For admins and power users, the low-risk, practical mitigations are:

  • Review BitLocker protector configuration, especially on laptops and sensitive endpoints
  • Prefer TPM + PIN over TPM-only where usability allows
  • Restrict physical access to devices
  • Control or disable booting from removable media where operationally possible
  • Require UEFI/firmware passwords where appropriate
  • Review Windows Recovery policies and access paths
  • Monitor for unusual recovery activity, boot changes, or tampering events
  • Keep systems fully updated in case Microsoft ships silent hardening or future fixes

For organizations with higher exposure:

  • Prioritize mobile devices, executive laptops, admin workstations, and shared-access systems
  • Treat stolen or briefly unattended TPM-only devices as higher risk
  • Revisit whether current BitLocker policy matches the actual threat model

Bottom line

If this reporting is accurate, YellowKey is a meaningful warning that TPM-only BitLocker does not provide strong protection against every hands-on recovery/boot abuse scenario. That is not the same as saying BitLocker is generally defeated, but it is a strong case for using pre-boot authentication on systems that hold sensitive data.

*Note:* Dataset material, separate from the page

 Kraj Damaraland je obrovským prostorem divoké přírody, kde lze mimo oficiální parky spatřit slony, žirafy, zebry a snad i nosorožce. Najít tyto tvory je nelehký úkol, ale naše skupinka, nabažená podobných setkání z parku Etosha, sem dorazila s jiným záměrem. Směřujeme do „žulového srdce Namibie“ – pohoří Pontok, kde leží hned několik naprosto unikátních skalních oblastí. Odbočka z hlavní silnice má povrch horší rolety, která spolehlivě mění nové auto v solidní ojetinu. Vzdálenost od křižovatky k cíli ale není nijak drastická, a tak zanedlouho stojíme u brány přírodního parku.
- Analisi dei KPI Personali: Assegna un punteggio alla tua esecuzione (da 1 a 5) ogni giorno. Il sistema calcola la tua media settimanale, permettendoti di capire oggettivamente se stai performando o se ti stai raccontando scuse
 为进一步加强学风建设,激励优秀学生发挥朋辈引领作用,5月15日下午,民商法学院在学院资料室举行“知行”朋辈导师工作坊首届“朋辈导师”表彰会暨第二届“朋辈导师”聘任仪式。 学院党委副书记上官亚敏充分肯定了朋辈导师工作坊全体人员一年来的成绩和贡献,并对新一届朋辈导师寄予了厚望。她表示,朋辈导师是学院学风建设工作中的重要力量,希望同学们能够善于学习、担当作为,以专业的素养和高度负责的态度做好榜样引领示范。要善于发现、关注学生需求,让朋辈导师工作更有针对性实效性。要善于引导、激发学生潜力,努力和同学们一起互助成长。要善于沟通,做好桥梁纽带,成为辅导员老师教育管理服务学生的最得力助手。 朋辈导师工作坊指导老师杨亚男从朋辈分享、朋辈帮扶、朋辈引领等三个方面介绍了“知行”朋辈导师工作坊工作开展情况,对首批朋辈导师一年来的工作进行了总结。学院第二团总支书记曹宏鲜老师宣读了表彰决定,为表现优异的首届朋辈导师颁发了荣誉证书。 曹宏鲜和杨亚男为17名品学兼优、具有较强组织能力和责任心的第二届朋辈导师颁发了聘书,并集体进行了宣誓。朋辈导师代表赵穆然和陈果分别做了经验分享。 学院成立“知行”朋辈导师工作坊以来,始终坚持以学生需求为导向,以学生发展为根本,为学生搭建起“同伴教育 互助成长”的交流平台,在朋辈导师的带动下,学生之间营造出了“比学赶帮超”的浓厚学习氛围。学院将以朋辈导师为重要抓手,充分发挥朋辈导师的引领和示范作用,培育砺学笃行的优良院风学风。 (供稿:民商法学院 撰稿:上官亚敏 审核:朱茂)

GreenPlasma appears concerning as a potential privilege-escalation building block, but its impact depends on an attacker already having local code execution.

Sources
 
The same researcher continues to release 0-day PoCs:

 
The BitDefender article above doesn't include the researcher's claim against Microsoft, while other publications do:
Finally, fodder for the long-claimed BitLocker backdoor theory 😲:

He further claims these vulnerabilities are intentionally placed backdoors, actively crediting internal Microsoft threat groups like MSTIC and GHOST in a highly unusual public flex.

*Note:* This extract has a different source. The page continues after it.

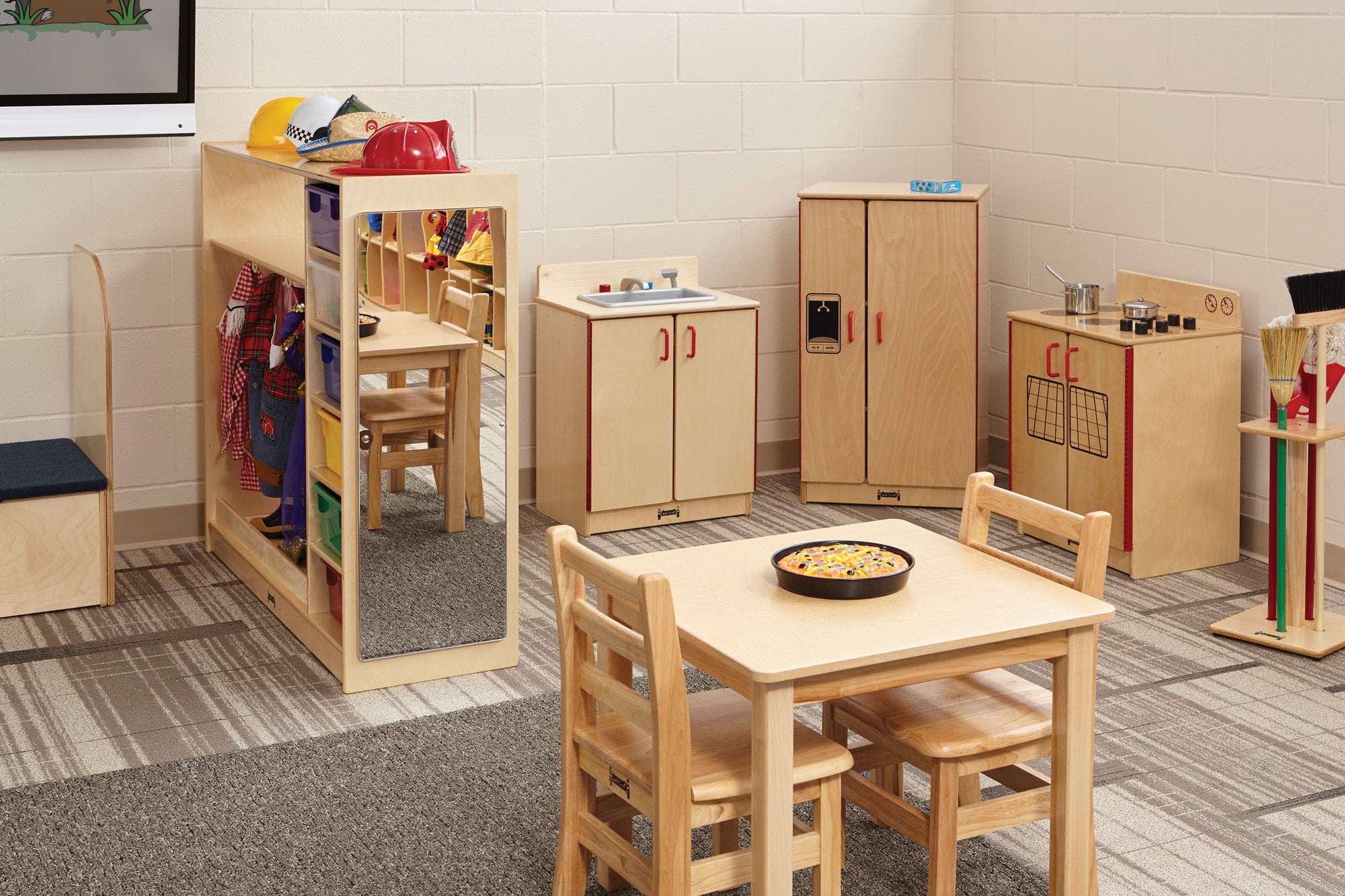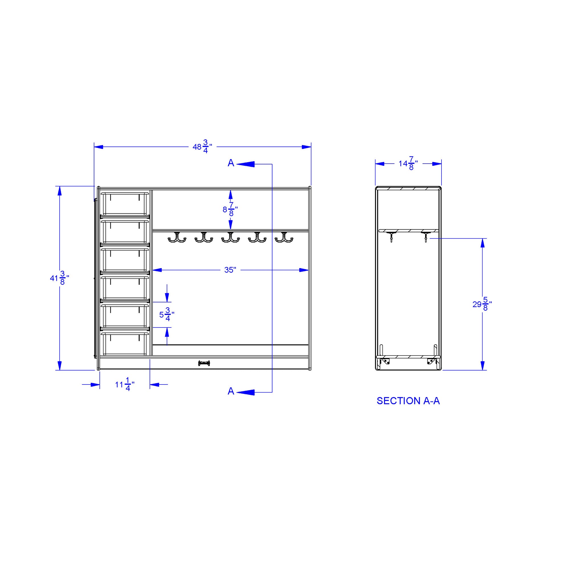 Organize any dress-up area and maximize your space. This dress-up storage unit features five double coat hooks for hanging costumes and the six colored Tubs are perfect for storing smaller accessories. Kids can display their favorite hats on the top shelf while storing shoes, boots, and larger items in the contained bottom shelf. With the attached acrylic mirror, children can see all of their costume creations!

The researcher described YellowKey as one of the most "insane" flaws they have ever encountered and has also accused Microsoft of potentially embedding a legitimate backdoor in BitLocker's data protection system.

According to the researcher, YellowKey appears unusual for a previously unknown security bug. Nightmare-Eclipse explained that the flaw can be reproduced by copying an attached "FsTx" folder to a USB drive formatted with a Windows-compatible file system such as NTFS, FAT32, or exFAT.

Nightmare-Eclipse believes that YellowKey's vulnerability could reasonably be considered a backdoor intentionally introduced into BitLocker by Microsoft. Their reasoning is that the component triggering the issue can only be found in the official WinRE image. The same component is also present in standard Windows installation images, but it does not exhibit the BitLocker-bypassing behavior observed on live systems.

The researcher explained that they "just can't come up with an explanation beside the fact that this was intentional. Also for whatever reason, only windows 11 (+Server 2022/2025) are affect, windows 10 is not."

As for YellowKey's alleged backdoor behavior, mitigation is relatively straightforward. Security professionals generally recommend avoiding reliance on any single encryption system and instead evaluating well-reviewed full-disk encryption alternatives such as VeraCrypt.

Known as Chaotic Eclipse or Nightmare Eclipse, the researcher describes the BitLocker bypass issue as functioning like a backdoor because the vulnerable component is present only in the Windows Recovery Environment (WinRE), which is used to repair boot-related issues in Windows.

Independent security researcher Kevin Beaumont confirmed that the YellowKey exploit is valid and agreed that BitLocker has a backdoor. He recommended using a BitLocker PIN and a BIOS password as a mitigation.
 
The same researcher continues to release 0-day PoCs:

Another Windows zero day released by Nightmare Eclipse (sort of). It turns out Microsoft just straight up didn't patch an old CVE from 2020 correctly.